ParameterTypeDefaultDescription
targetstring.Directory path to organize
strategyenumtypeOrganization strategy: type, domain, date, or custom
executebooleanfalseApply changes instead of dry run preview
rewrite_importsbooleantrueAutomatically update import paths after moving files
ignore_patternslist[node_modules, .git]Glob patterns for directories and files to skip

Best Practices

  1. Always Run Dry Mode First The default dry run mode previews every planned move without touching the filesystem. Review the full plan before adding --execute to ensure no critical files are misclassified or moved to unexpected locations.

  2. Commit Before Organizing Create a clean git commit before running the organizer so you can easily revert with git checkout if the reorganization produces unexpected results. The command modifies many files simultaneously and manual undo is impractical.

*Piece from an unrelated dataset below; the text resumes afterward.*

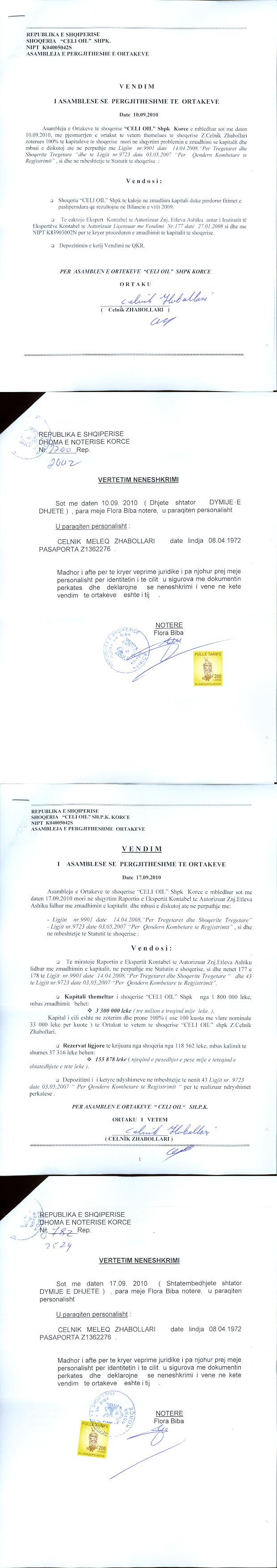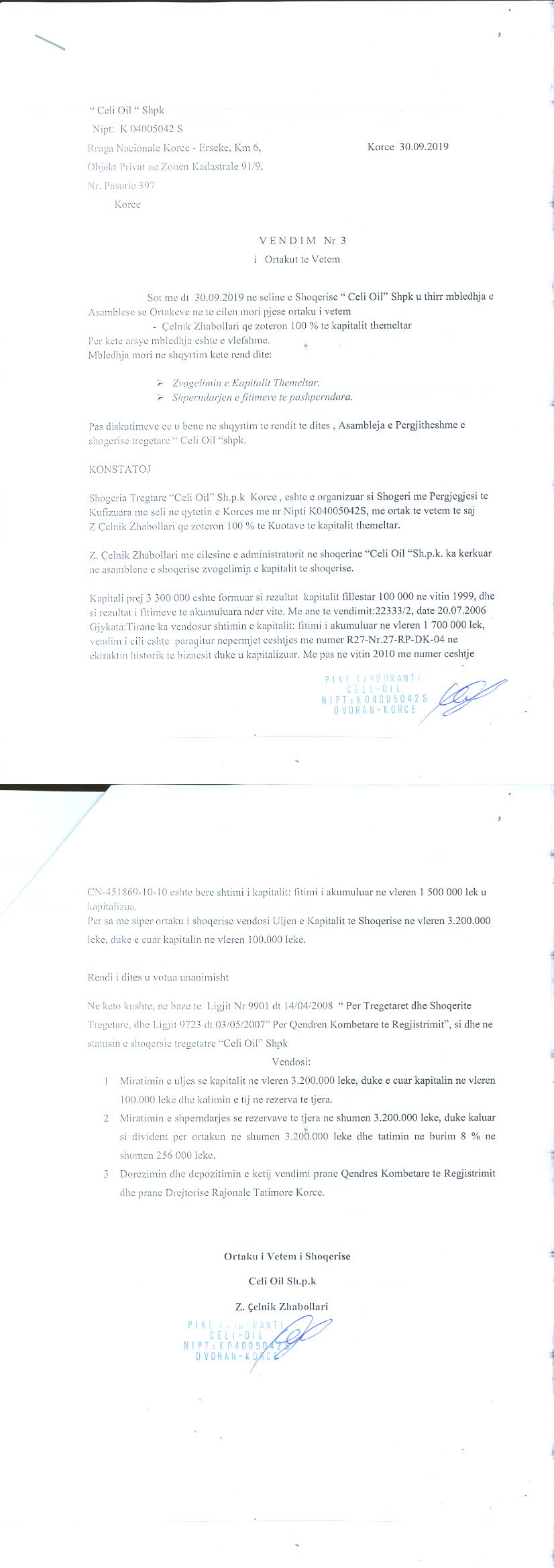 → Ekstrakt Historik i Regjistrit Tregtar date 02.06.2023 → Akt themelimi dhe Statuti i Shoqerise → Vendim i Ortakut te Vetem, Zmadhim Kapitali date 11.07.2006 → Vendim i Ortakut te Vetem, Zmadhim Kapitali date 17.09.2010 → Vendim i Ortakut te Vetem, Zvogelim Kapitali date 30.09.2019 |

  3. Use Domain Strategy for Feature-Based Codebases If your project follows a feature-based architecture where each feature has its own components, hooks, and utilities, use the domain strategy to keep related files together rather than splitting them by type across the entire project.

  4. Configure Ignore Patterns for Generated Files Build output directories, generated types, and vendor bundles should be excluded from organization. Add them to ignore_patterns to prevent the command from moving files that will be regenerated on the next build.

  5. Run Import Rewriting Separately for Large Projects In repositories with thousands of files, import rewriting can take significant time. Run the organizer with --rewrite_imports=false first to verify file moves, then run a dedicated import update pass to catch and fix all broken references.

Common Issues

  1. Circular import detected after reorganization Moving files can surface hidden circular dependencies that previously worked due to module resolution order. Use the --detect-cycles flag to identify circular imports before and after organization and resolve them by extracting shared code into a separate module.

  2. CSS module imports break after file moves CSS Modules use relative paths that the import rewriter may not update if the CSS file references images or fonts with relative URLs. Manually verify that asset references in moved CSS files still resolve correctly.

  3. Git history lost for moved files Git tracks file moves as delete + create unless the content similarity threshold is met. Use git log --follow on moved files to verify history is preserved, and consider using git mv for critical files where history tracking is essential.